Question

The photoelectric work function for a metal surface is 4.125 eV. The cut-off wavelength for this surface is

• A. 3000 $\mathring{A} $
• B. 2062.5 $\mathring{A} $
• C. 4125 $\mathring{A} $
• D. 6000 $\mathring{A} $

Answer 1

The Correct Option is A

The problem is related to the photoelectric effect, which describes the emission of electrons from a metal surface when it is exposed to light. The energy required to remove an electron from the surface of a metal is known as the work function (\phi). This work function is given as 4.125 eV for this problem.
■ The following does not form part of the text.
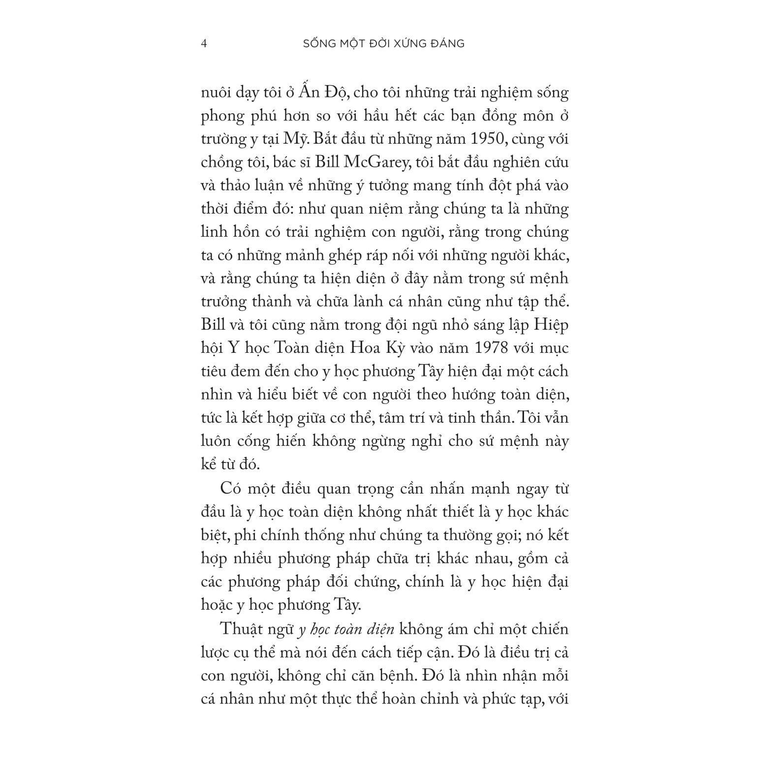 Đúc kết từ hơn một thế kỷ sống và cống hiến cho y học, “Sống một đời xứng đáng” là sáu bí quyết đơn giản của vị bác sĩ 102 tuổi Gladys McGarey, giúp bạn đọc khơi dậy nguồn năng lượng sống, nắm rõ quy luật vận hành của sức khỏe và an vui, để tự chữa lành thể chất và tinh thần bằng tình yêu thương luôn hiện hữu quanh mình.

To find the cut-off wavelength (\lambda_c), we use the photoelectric equation relating the work function and cut-off wavelength:

\phi = \frac{hc}{\lambda_c}

where:

• h is Planck's constant (6.626 \times 10^{-34} \, \text{J s})
• c is the speed of light (3 \times 10^8 \, \text{m/s})
• \lambda_c is the cut-off wavelength
• \phi is the work function given in electron volts (1 eV = 1.6 \times 10^{-19} \, \text{J})

First, convert the work function from electron volts to joules:

\phi = 4.125 \, \text{eV} = 4.125 \times 1.6 \times 10^{-19} \, \text{J}

Now, solve for the cut-off wavelength:

\lambda_c = \frac{hc}{\phi}

Substitute the values:

\lambda_c = \frac{6.626 \times 10^{-34} \times 3 \times 10^8}{4.125 \times 1.6 \times 10^{-19}}

Simplifying this expression:

\lambda_c = \frac{19.878 \times 10^{-26}}{6.6 \times 10^{-19}} = 3.012 \times 10^{-7} \, \text{m}

Convert meters to angstroms (1 m = 10^{10} \, \mathring{A}):

\lambda_c = 3.012 \times 10^{-7} \times 10^{10} = 3012 \, \mathring{A}

Rounding to the nearest option provided gives 3000 \, \mathring{A}, which matches the correct answer.

Therefore, the cut-off wavelength for this surface is 3000 \mathring{A}.